Cela vous tient au courant.
Nous avons conçu Magisterium AI différemment. Nous l’avons conçu comme un « système délimité ».
Cela signifie que nous avons placé une barrière numérique infranchissable autour du modèle. À l’intérieur de cette barrière, nous avons mis le Catéchisme, les Conciles et les Saints. À l’extérieur de cette barrière se trouve le vacarme du monde.
Nous avons dit à l’IA : « Tu ne peux répondre qu’en utilisant ce qui se trouve à l’intérieur de la clôture. »
C’est cela qui crée la « bretelle de sortie numérique ».
Pour comprendre la « sortie numérique », nous devons d’abord comprendre pourquoi les gens restent bloqués devant l’écran.
Ils restent bloqués parce qu’on les nourrit d’ambiguïtés. L’internet séculier prospère sur le « peut-être ». Il offre mille opinions contradictoires, maintenant l’esprit dans un état d’agitation permanente — toujours en quête, sans jamais trouver.
L’ambiguïté est une boucle.
Mais un système fermé rompt cette boucle, car il offre quelque chose que le web ouvert ne peut pas offrir : la finalité.

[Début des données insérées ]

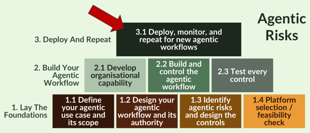 Executive summary: this phase turns a one-off agent into a governed, repeatable, and actively monitored organisational capability, where monitoring is treated as a control, not an afterthought.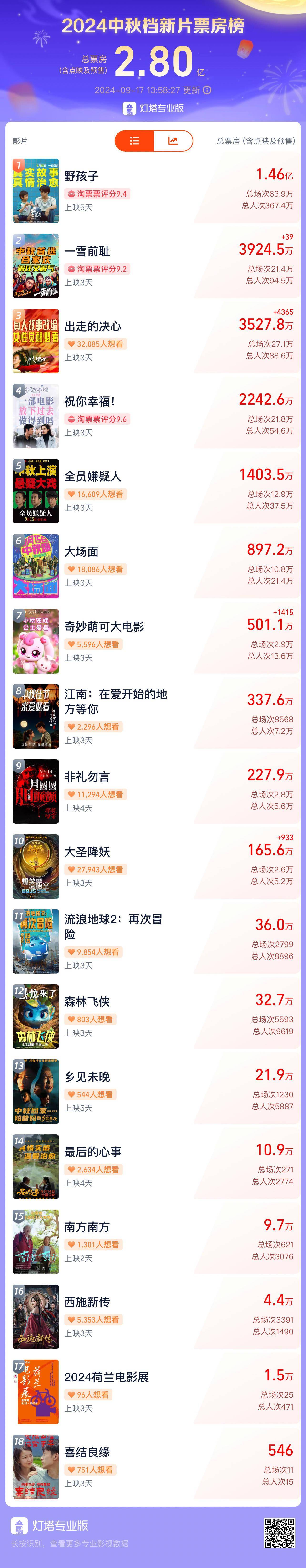 除此之外,分列排行榜第四至六位。此外,中秋档唯一一部好莱坞电影在榜单内也占有一席之地,以破227万的票房成绩排在第九位。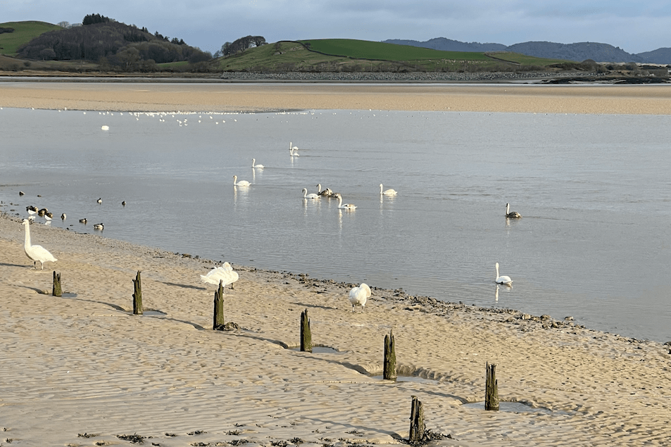 In the ‘Beauty of Barrow-in-Furness Facebook group Jayne Williamson took a picture of some of the Mute Swans on the Leven Estuary at Canal Foot. I’ve zoomed in below: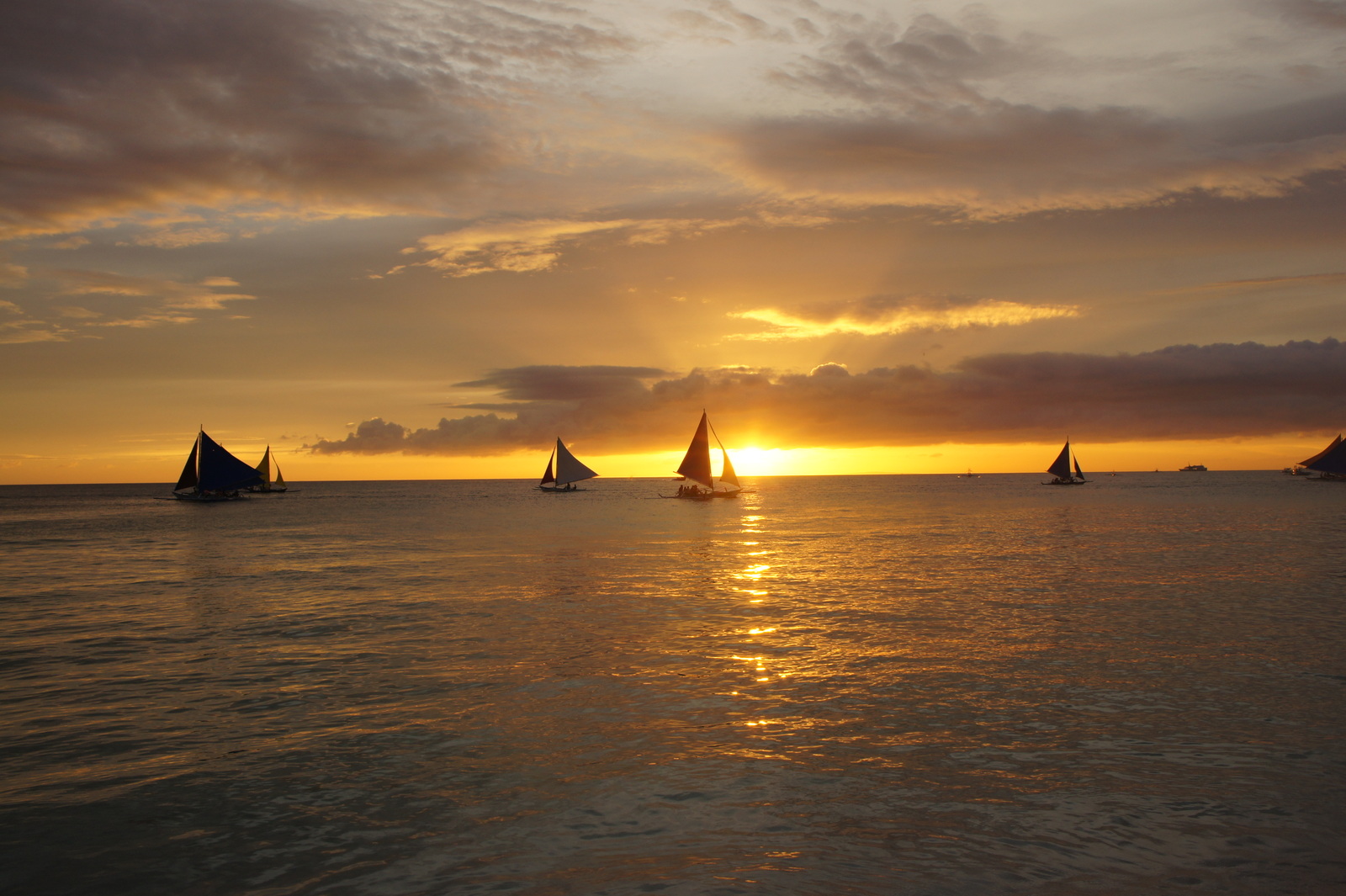 長灘島日落瑰麗的景色同樣令我震撼。在島上5天時間里,竟然天天都見到景色各異、變幻莫測的海上日落。每天傍晚,當夕陽向海平線墜落,天幕上厚重的云絮由白變灰、變暗,又慢慢被夕陽鍍上耀眼的金色,而此時還不是看日落最令人興奮的時候。當整個太陽倏然從海面跌落,淡出了我們的視線,我們正要為眼前景色的消失感嘆時,壯麗的晚霞會出其不意地大放異彩。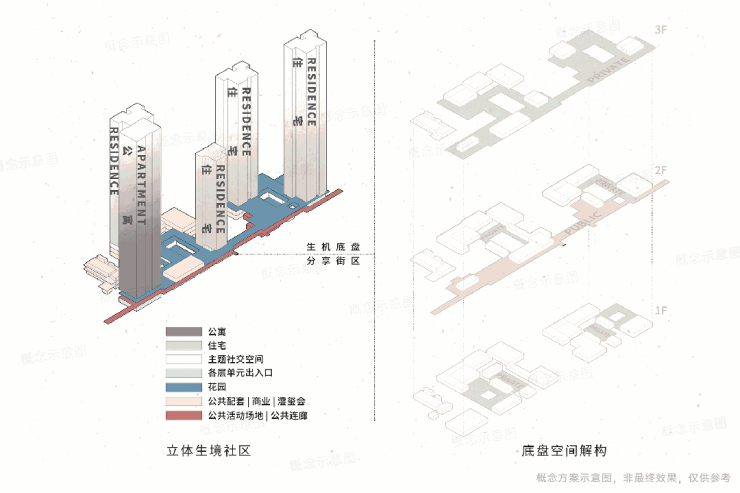 建筑规划:5栋超高层塔楼(4栋住宅+1栋公寓),高度分别为150米、200米、200米、240米(住宅)及250米(公寓)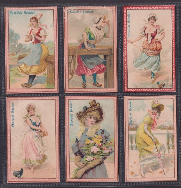 Trade cards, France, Chocolat Besnier, 20 early cards including Beauties M sized (14), 4 XXL shaped embossed cards with just firm's name on back (2 with light ink staining on backs), 2 fancy framed G sized cards, Children at play (fair/gd some with marks on backs)

Parce que Magisterium AI est ancré dans le dépôt de la foi, il permet à l’utilisateur d’atteindre le roc de la Vérité.
Et quand tu atteins le roc, tu arrêtes de creuser.
Lorsque l’intellect rencontre enfin une réponse définitive — fondée, faisant autorité et claire — l’angoisse de la recherche s’évanouit. L’esprit est satisfait, et le cœur est libre de passer à autre chose.
La technologie a fait son travail. Elle a résolu la question, elle ne l’a pas prolongée.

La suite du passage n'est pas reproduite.